** Opening Data to process block **

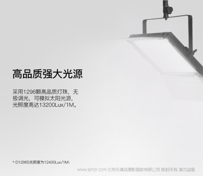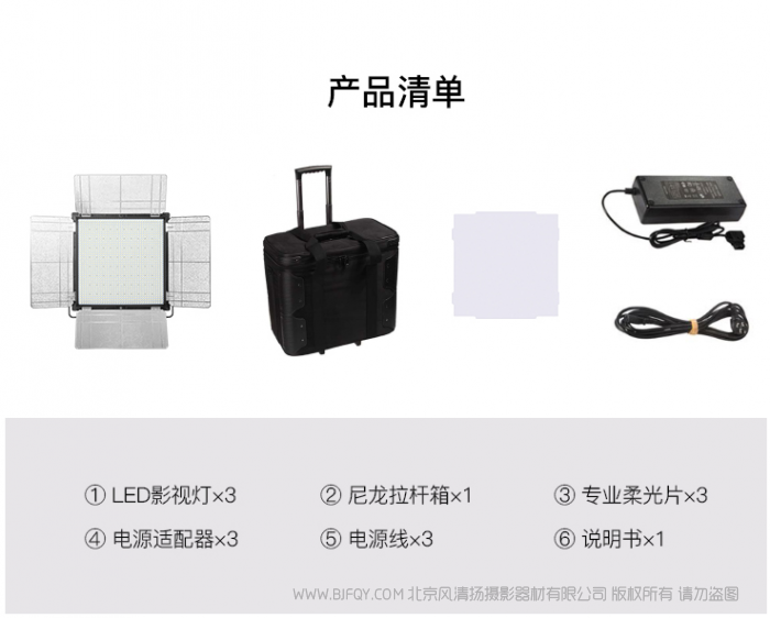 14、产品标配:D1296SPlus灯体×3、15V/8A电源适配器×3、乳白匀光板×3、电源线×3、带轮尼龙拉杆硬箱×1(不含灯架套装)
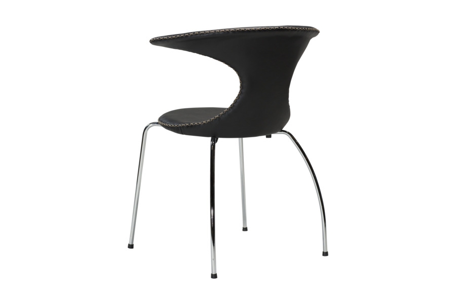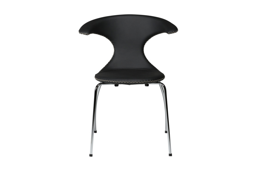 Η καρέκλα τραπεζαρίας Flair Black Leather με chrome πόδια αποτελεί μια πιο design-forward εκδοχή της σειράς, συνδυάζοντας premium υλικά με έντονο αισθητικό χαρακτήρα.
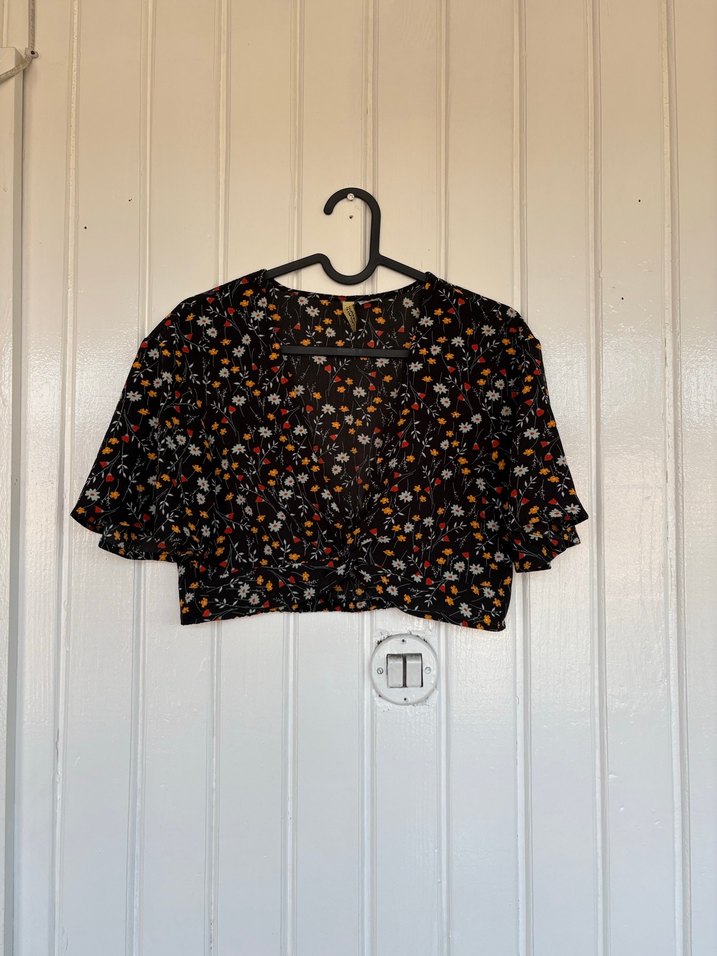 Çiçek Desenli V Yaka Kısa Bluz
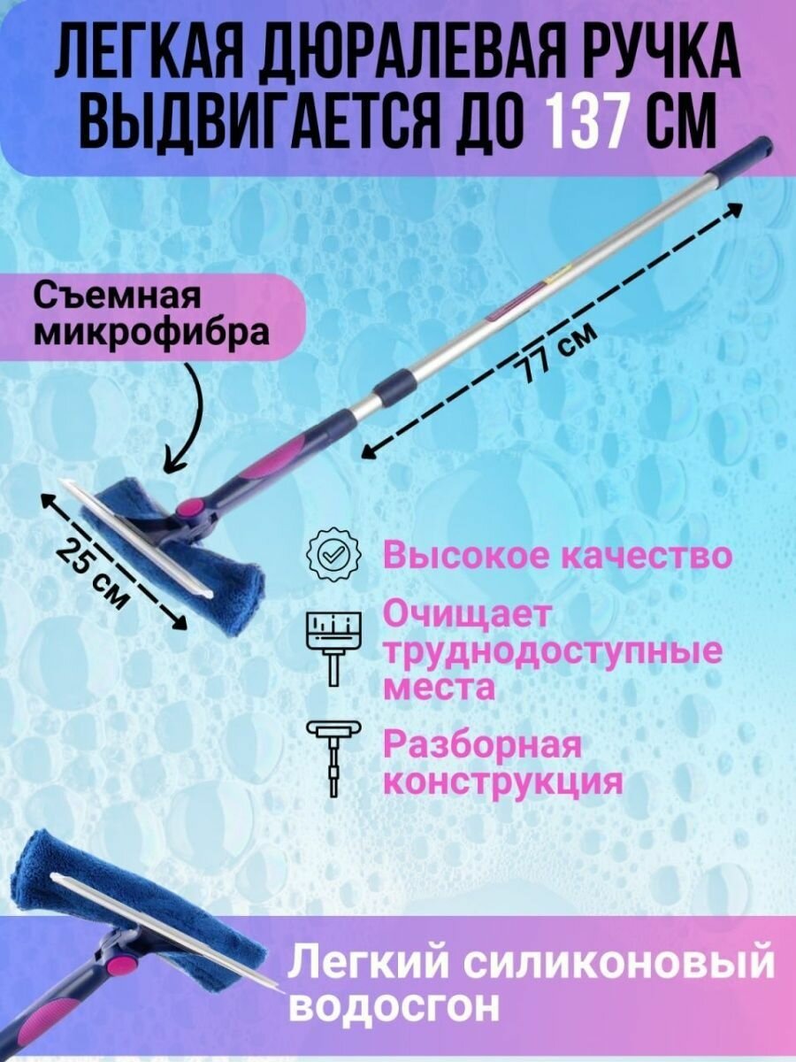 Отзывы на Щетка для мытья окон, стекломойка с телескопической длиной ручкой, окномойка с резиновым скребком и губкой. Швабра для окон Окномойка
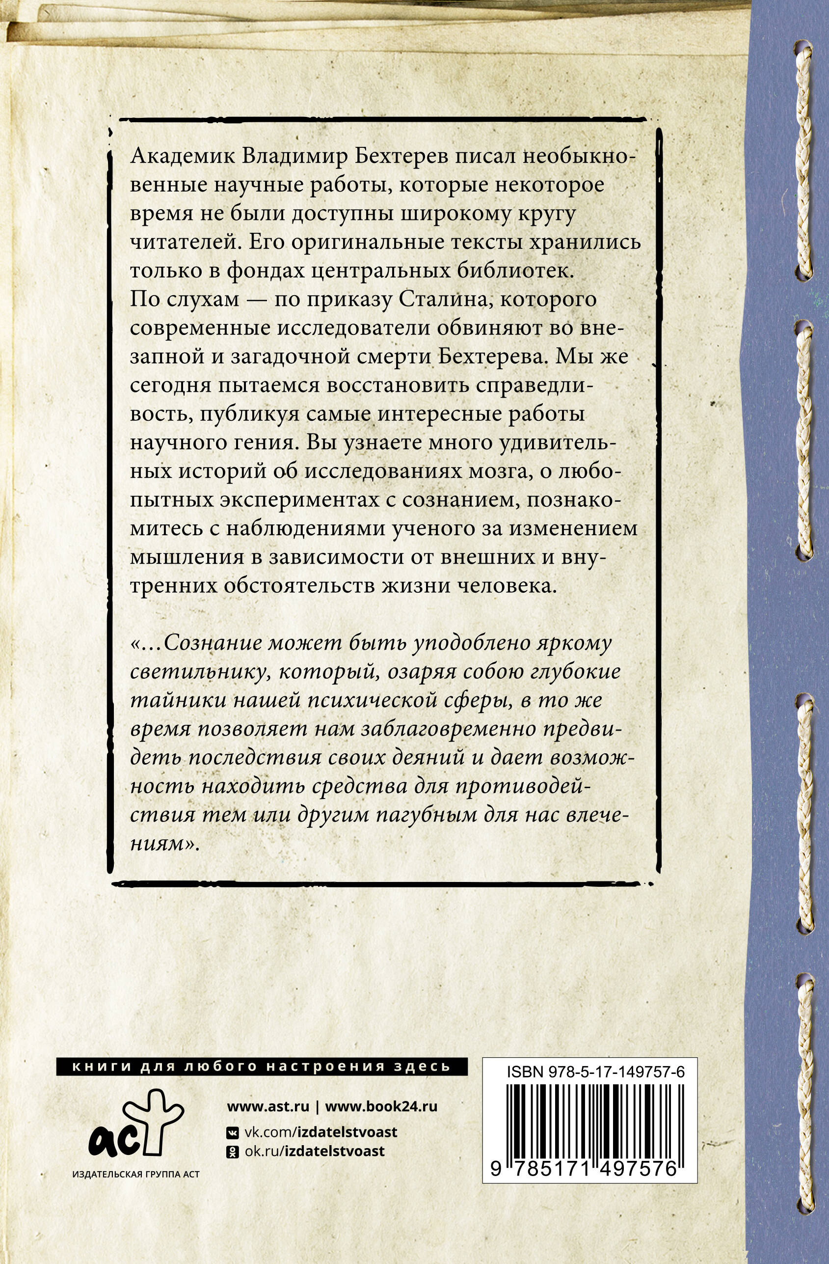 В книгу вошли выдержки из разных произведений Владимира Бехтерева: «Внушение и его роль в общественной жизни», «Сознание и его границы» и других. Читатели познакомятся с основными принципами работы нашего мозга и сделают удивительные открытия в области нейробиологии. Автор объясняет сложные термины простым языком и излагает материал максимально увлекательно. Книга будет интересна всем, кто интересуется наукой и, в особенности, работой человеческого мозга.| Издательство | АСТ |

** Closing Data to process block **
** Opening Data to process block **

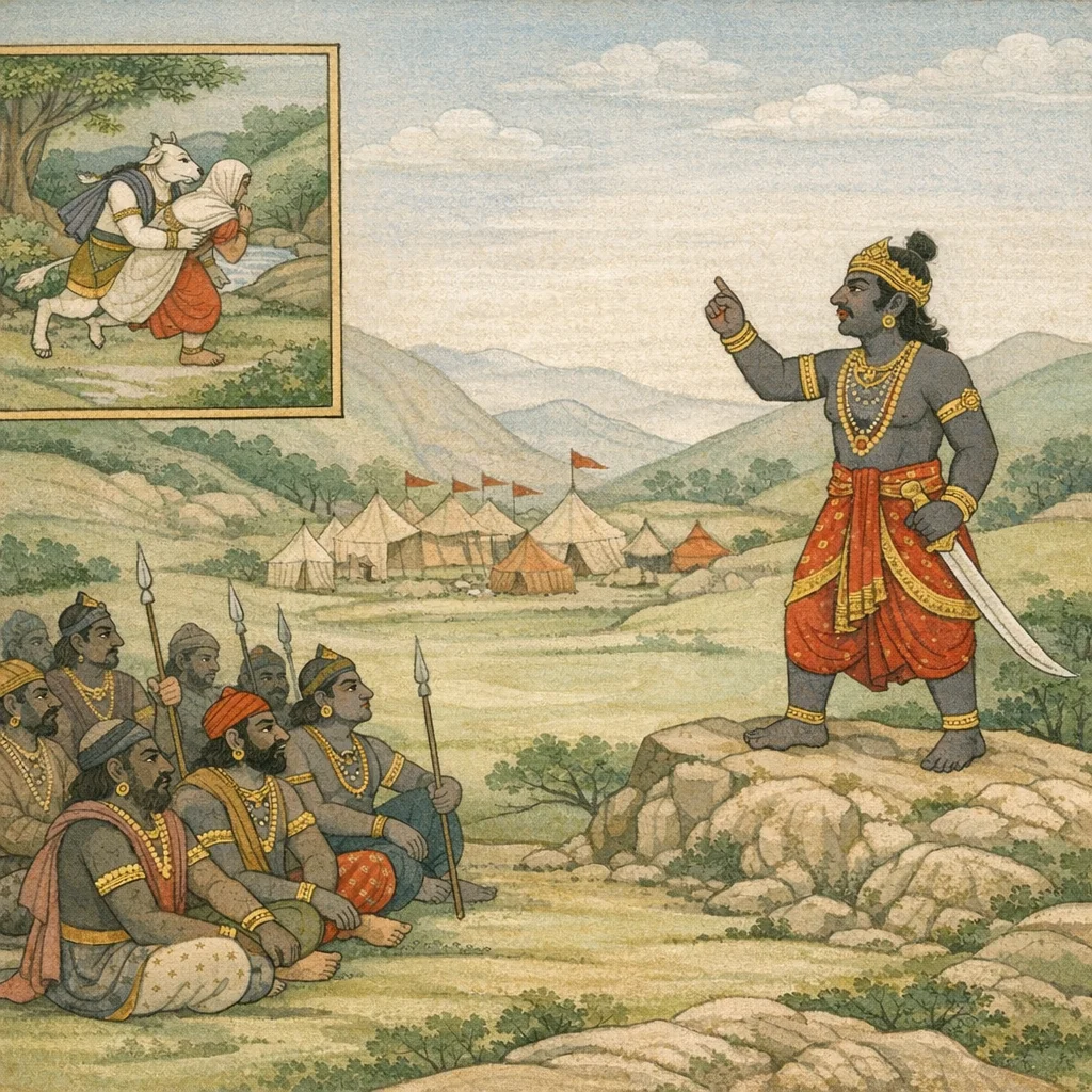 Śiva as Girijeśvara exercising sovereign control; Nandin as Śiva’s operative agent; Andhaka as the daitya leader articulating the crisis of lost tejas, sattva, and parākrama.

** Closing Data to process block **
** Opening Data to process block **

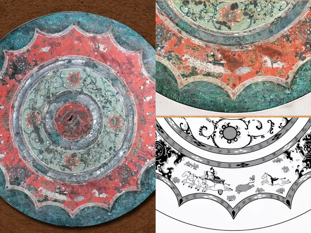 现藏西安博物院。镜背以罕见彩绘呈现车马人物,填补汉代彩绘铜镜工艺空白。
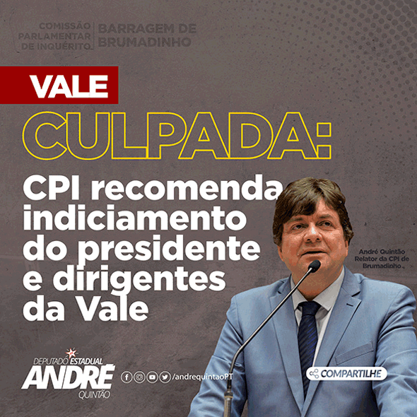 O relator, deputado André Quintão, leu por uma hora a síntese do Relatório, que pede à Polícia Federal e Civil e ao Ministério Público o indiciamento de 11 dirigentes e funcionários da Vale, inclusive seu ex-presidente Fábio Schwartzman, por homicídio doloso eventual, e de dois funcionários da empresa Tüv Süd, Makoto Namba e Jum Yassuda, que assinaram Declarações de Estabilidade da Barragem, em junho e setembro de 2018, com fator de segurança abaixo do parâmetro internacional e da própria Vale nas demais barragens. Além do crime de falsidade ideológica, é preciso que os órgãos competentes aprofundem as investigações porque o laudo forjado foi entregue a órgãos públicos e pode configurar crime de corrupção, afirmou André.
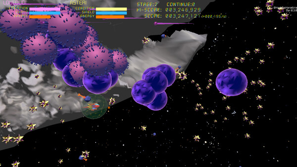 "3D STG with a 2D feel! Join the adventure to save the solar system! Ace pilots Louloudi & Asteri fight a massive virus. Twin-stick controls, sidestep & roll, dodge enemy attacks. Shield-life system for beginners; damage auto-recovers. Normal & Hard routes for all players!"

** Closing Data to process block **

(Your instructions): Above are the records; please give again, exactly and in full, only the lines that run from the line with "Çiçek Desenli V Yaka Kısa Bluz" through the line with "В книгу вошли", with no pictures.

(Output):
 Çiçek Desenli V Yaka Kısa Bluz
 Отзывы на Щетка для мытья окон, стекломойка с телескопической длиной ручкой, окномойка с резиновым скребком и губкой. Швабра для окон Окномойка
 В книгу вошли выдержки из разных произведений Владимира Бехтерева: «Внушение и его роль в общественной жизни», «Сознание и его границы» и других. Читатели познакомятся с основными принципами работы нашего мозга и сделают удивительные открытия в области нейробиологии. Автор объясняет сложные термины простым языком и излагает материал максимально увлекательно. Книга будет интересна всем, кто интересуется наукой и, в особенности, работой человеческого мозга.| Издательство | АСТ |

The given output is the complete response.